Abstract
Polycomb Group (PcG) proteins are epigenetic repressors of gene expression. The Drosophila Additional sex combs (Asx) gene and its mammalian homologs exhibit PcG function in genetic assays; however, the mechanism by which Asx family proteins mediate gene repression is not well understood. ASXL2, one of three mammalian homologs for Asx, is highly expressed in the mammalian heart and is required for the maintenance of cardiac function. We have previously shown that Asxl2 deficiency results in a reduction in the bulk level of histone H3 lysine 27 trimethylation (H3K27me3), a repressive mark generated by the Polycomb Repressive Complex 2 (PRC2). Here we identify several ASXL2 target genes in the heart and investigate the mechanism by which ASXL2 facilitates their repression. We show that the Asxl2-deficient heart is defective in converting H3K27me2 to H3K27me3 and in removing ubiquitin from mono-ubiquitinated histone H2A. ASXL2 and PRC2 interact in the adult heart and co-localize to target promoters. ASXL2 is required for the binding of PRC2 and for the enrichment of H3K27me3 at target promoters. These results add a new perspective to our understanding of the mechanisms that regulate PcG activity and gene repression.
Highlights
During the development and life of multicellular organisms, there is a need to set up and maintain distinct identities in different types of cells and tissues
To determine whether Secreted frizzled-related protein 2 (Sfrp2), Acta1 and G protein-coupled receptor kinase 5 (Grk5) are directly repressed by ASXL2 and Polycomb Repressive Complex 2 (PRC2), we examined enrichment of ASXL2 and PRC2 components at these loci by Chromatin immunoprecipitation (ChIP)-qPCR assays, focusing on regions between -2 kb and +2 kb of the transcription start sites (TSSs)

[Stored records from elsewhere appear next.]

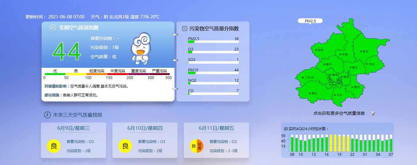 据北京市生态环境监测中心今早7时数据,目前实时空气质量指数为44,空气质量为优。
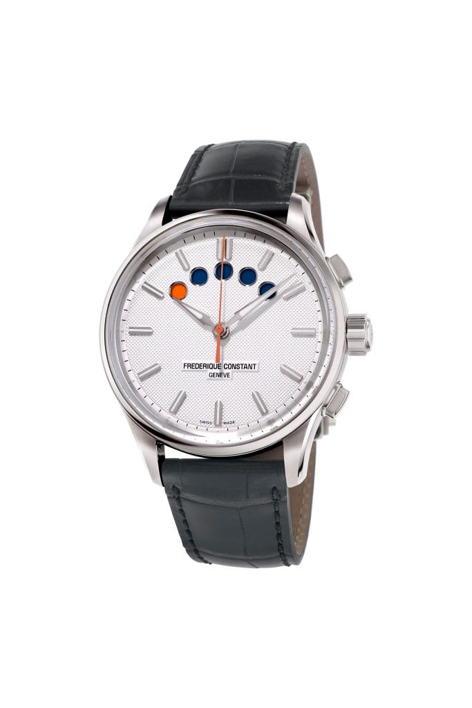 Frédérique Constant signe donc ici non pas un garde-temps « d’inspiration nautique » mais une véritable montre de régate, opérationnelle en conditions de course. Modèle de lisibilité, l’affichage originel de 1997 a été préservé. Il se compose de cinq points au sommet du cadran. Chaque point représente 1 minute. Un premier décompte (engagé par le poussoir du haut) fait progressivement passer tous les points en blanc ou bleu (couleur opposée à celle du cadran). Ainsi, lorsque les 5 points sont colorés, 5 minutes sont écoulées.
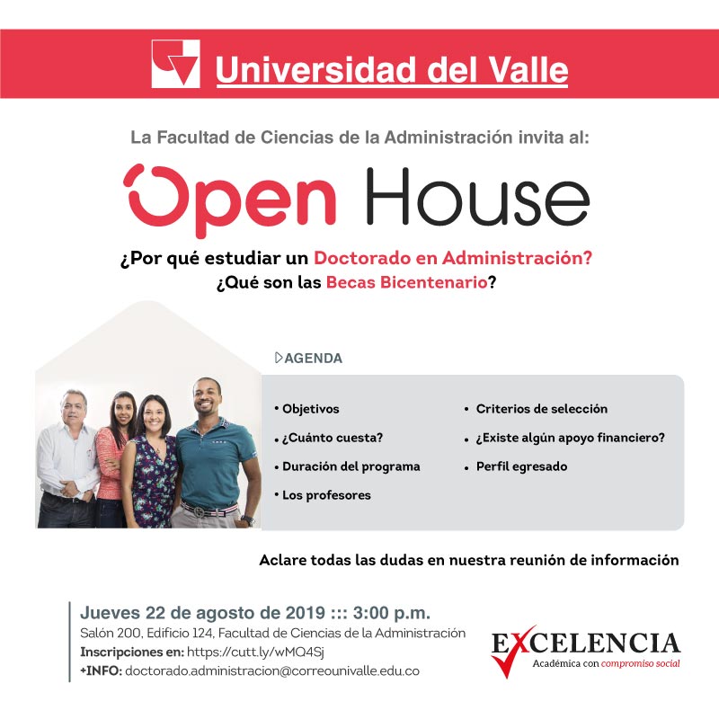 La Vicedecanatura de Investigaciones y Posgrados llevará a cabo el próximo jueves 22 de agosto a las 3:00 p.m. en el Salón 200 del campus San Fernando, el Open House ¿Por qué estudiar un Doctorado en Administración?.

We have previously observed that the level of bulk H3K27me3 was reduced in Asxl2-/- hearts, suggesting an important role for ASXL2 in the homeostasis of the H3K27me3 mark [19]
Summary
During the development and life of multicellular organisms, there is a need to set up and maintain distinct identities in different types of cells and tissues. Epigenetic mechanisms play critical roles in the establishment and maintenance of cellular identity. The balanced action of PcG proteins and their antagonists, the Trithorax Group (TrxG) epigenetic activators, is crucial for the maintenance of Hox expression domains along the anterior–posterior axis [1,2]. It has since been discovered that PcG and TrxG proteins play essential roles in mammalian development, regulating the differentiation of a wide array of cell lineages [3,4,5]. The core components of PRC2, EZH2, SUZ12 and EED, are necessary and sufficient for PRC2’s histone methyltransferase (HMTase) activity [7,8,9,10]. The SET-domain protein EZH2 is the catalytic subunit [6,7]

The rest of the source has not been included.